We must not have gotten the message here in Minnesota, because I definitely get the feeling that a small but definite percentage of straight women are not comfortable around me in locker rooms (or indeed, comfortable having me within about twenty feet). But as I say, I am pretty visibly queer and not feminine looking - I expect it's different for femme queer women. (I stopped going to the gym because I hated feeling like my mere existence was grossing people out, actually. It just got too stressful.) I mean I am horribly sensitive to the whole body/gender/sexuality issues thing because I'm queer and fat, but those two things together seem to translate into "ooooh the gross pervert lady is going to look at me" even though I do everything I can to signal that I would rather gnaw off my forearm.
posted by Frowner at 11:54 AM on April 16, 2014


There are several amusing art car ideas here, like maybe you enter one side clothed and exist onto the playa nude from the other, while the 'staff' attaches the clothing bundle to your bike.
posted by jeffburdges at 11:55 AM on April 16, 2014 [2 favorites]


Great link! All the pictures are really fascinating.

When I was small at school (during the seventies), all kids up to 10 changed together, regardless of gender. And yes, there was bullying, but I think the smallest boys found it safer to change together with the girls.

Private booths for changing were so rare, I was always confused about what to do in them. After all, you would need to be naked for the shower and sauna, which were both open. Or not? So why the private changing booth?

My parents were completely conservative, and hated the hippies and their ways, but they weren't at all shy about sharing the bathroom with the whole family or walking around the house naked. Embarrassingly, they only put on a robe when my friends came over, where I would have preferred real clothes (but their parents were all the same). I think it was even part of their conservative beliefs: here in my home, I can do whatever I want without government interference!
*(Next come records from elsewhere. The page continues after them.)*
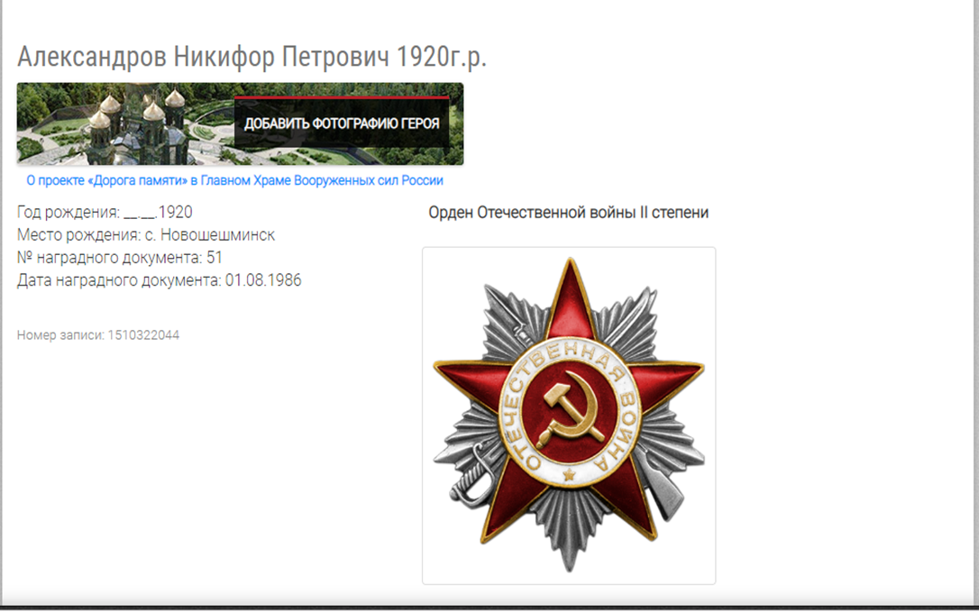 АЛЕКСАНДРОВ Никифор Петрович родился в 1920 году в село Русское Азелеево Зеленодольского района. Моб. в 1941 г. Новошешминским РВК, стрелок, 25 об. Место раб.: МТС, тракторист. Умер в 1992 г., похоронен на сельском кладбище с.Новошешминск.
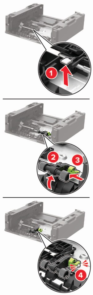 Unpack the new pick roller assembly.Insert the new pick roller assembly.
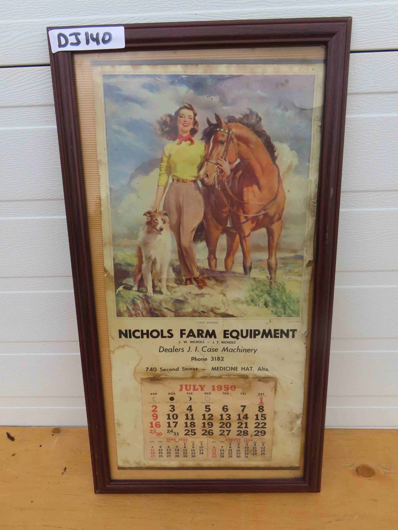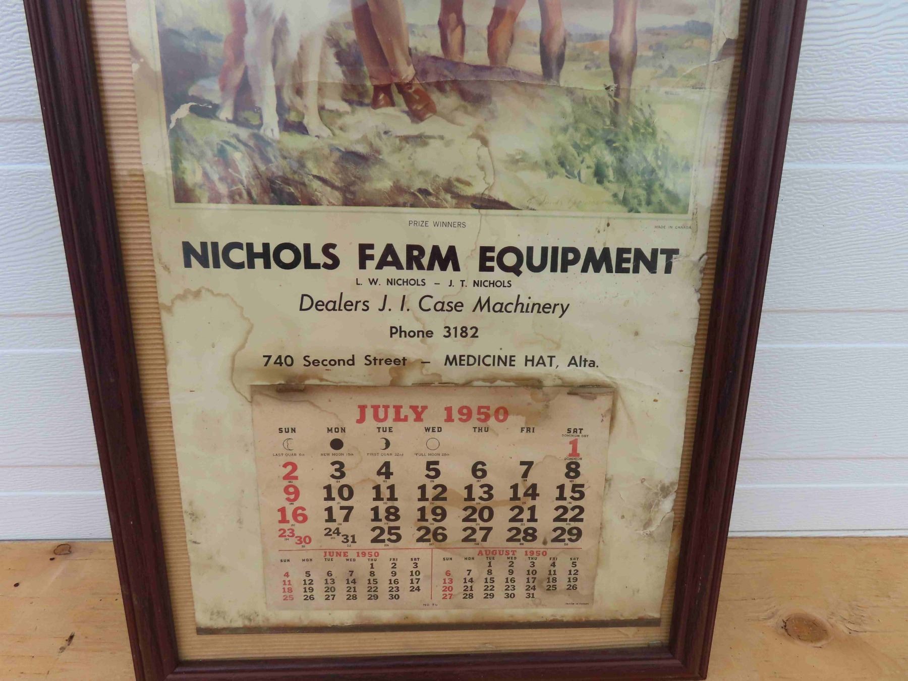 Nichols Farm Equipment J.I. Case Dealer 1950 Framed Calender July and Up 14'' x 26''
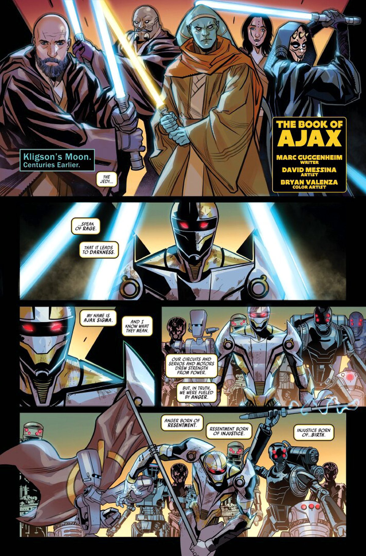 В комиксе будет и дополнительная история, одну её страничку также представили. Там идёт речь про древнее восстание дроидов во времена The High Republic. Сценарист тот же, рисует Дэвид Мессина, красит Брайн Валенза.

What happened? I think Eyebrows McGee is on to something. But there is probably also a class element. Those ladies with bathing machines weren't poor.
Already after WW1, a lot of former poor people became more affluent and had holidays and were more visible in public spaces. After WW2, that trend increased. Maybe some of the more relaxed state of things from the 1920's to the 1970's was also about a whole new part of society getting into public life and changing attitudes to morals and fashion and so on.
posted by mumimor at 12:21 PM on April 16, 2014


On the JoCo cruise, a previously-sunburned Wil Wheaton was sporting a custom-made, tech-fabric version of the historical striped mens' bathing suit he got made at a place in LA called Clockwork Couture, and I keep meaning to have one made for myself.
posted by uberchet at 12:42 PM on April 16, 2014 [1 favorite]


The Victorian English were only publically restrained and sort-of-prudish.
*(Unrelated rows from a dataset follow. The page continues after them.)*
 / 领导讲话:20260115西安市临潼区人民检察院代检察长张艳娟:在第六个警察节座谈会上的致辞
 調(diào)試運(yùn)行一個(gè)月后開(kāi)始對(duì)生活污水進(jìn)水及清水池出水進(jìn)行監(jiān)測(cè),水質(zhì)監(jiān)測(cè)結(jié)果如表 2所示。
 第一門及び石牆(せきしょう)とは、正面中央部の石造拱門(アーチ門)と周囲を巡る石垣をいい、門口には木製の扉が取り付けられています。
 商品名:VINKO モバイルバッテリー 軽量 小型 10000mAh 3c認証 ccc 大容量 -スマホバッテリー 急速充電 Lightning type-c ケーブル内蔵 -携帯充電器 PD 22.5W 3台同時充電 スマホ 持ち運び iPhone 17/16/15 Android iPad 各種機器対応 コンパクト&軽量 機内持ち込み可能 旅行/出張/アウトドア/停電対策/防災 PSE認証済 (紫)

NB, however, that the pictures are mostly from Ostend and Scheveningen. Make of that what you will.
posted by IndigoJones at 12:51 PM on April 16, 2014


If you want to see a bathing machine in action, the film Mrs Brown features Queen Vic, played by Judi Dench, and a daughter or two IIRC, using one. Between the machine itself and the massive bathing costume it really is bizarre to watch.
posted by George_Spiggott at 1:32 PM on April 16, 2014


Aha, that scene is on youtube. Mighta known.
posted by George_Spiggott at 1:50 PM on April 16, 2014


The pool in the basement of Teacher's College at Columbia University is somewhat of a throwback to this. The entire pool is lined with little changing stalls that have two doors. So you enter from the outer ring in your street clothes and then exit through the other door right into the pool area. There is no other way to get to the pool and you cannot see it without going through the changing stall. It's fascinating, but then again, that entire building is an "old New York" person's dream.
posted by Polyhymnia at 4:59 PM on April 16, 2014


We can mock Victorian prudery but recall that this was the great age of pornography
posted by Postroad at 5:17 PM on April 16, 2014


You can also see a bathing machine in The Ghost and Mrs. Muir, which is a nice bit of period-correct bit of stage dressing for 1940s Hollywood. Gene Tierney looks radiant frolicking in her swimming costume.
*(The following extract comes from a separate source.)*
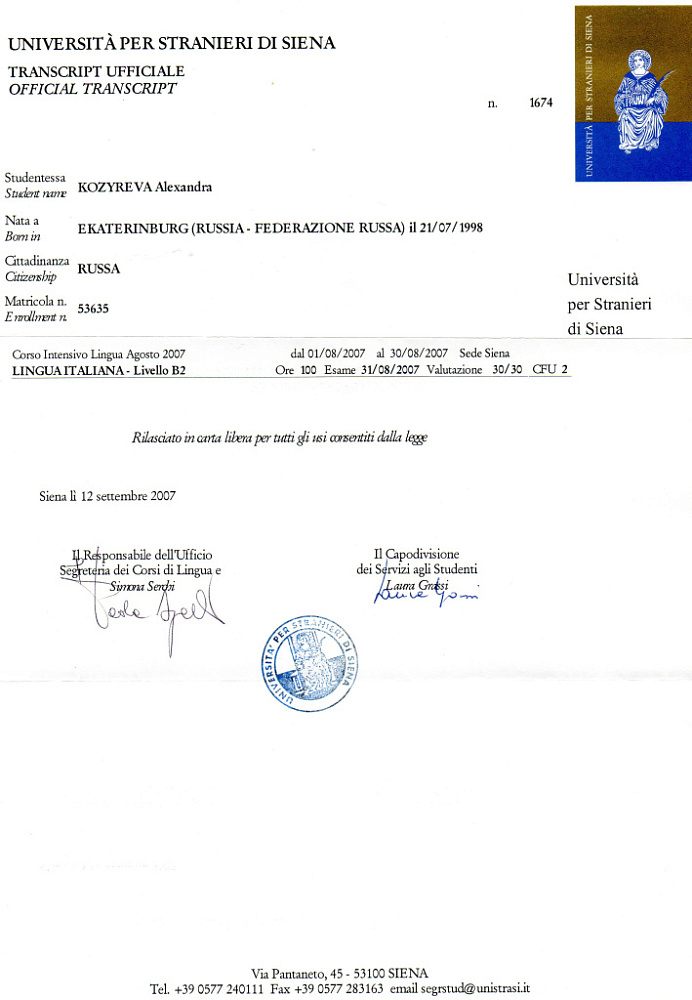 ● Август 2007. Университет для иностранцев г. Сиена Интенсивный курс итальянского языка (100 часов)

(I am a little obsessed with that movie)
posted by emjaybee at 5:29 PM on April 16, 2014


The royals went a little bit grander at Weymouth and San Sebastian.
posted by unliteral at 7:55 PM on April 16, 2014 [1 favorite]


sad to say there are many, many women who would welcome their return

And some men too. I would be happier in a society where wearing a ton of clothing while swimming wasn't strange. I mostly avoid public pools and ocean and stuff for this reason.

Of course, the first day I met my fiancee's family in Japan, they were like "lets go to the onsen!". There may be a move away from public same-sex nudity here, but its certainly alive and well in Japan.

For me its not about attraction -- I don't care if the other men are gay or straight, I don't want anyone to see my body if possible, so I welcome any moves away from "lets all change clothes in the open in the locker room!"
posted by wildcrdj at 7:58 PM on April 16, 2014


wildcrdj: "I would be happier in a society where wearing a ton of clothing while swimming wasn't strange."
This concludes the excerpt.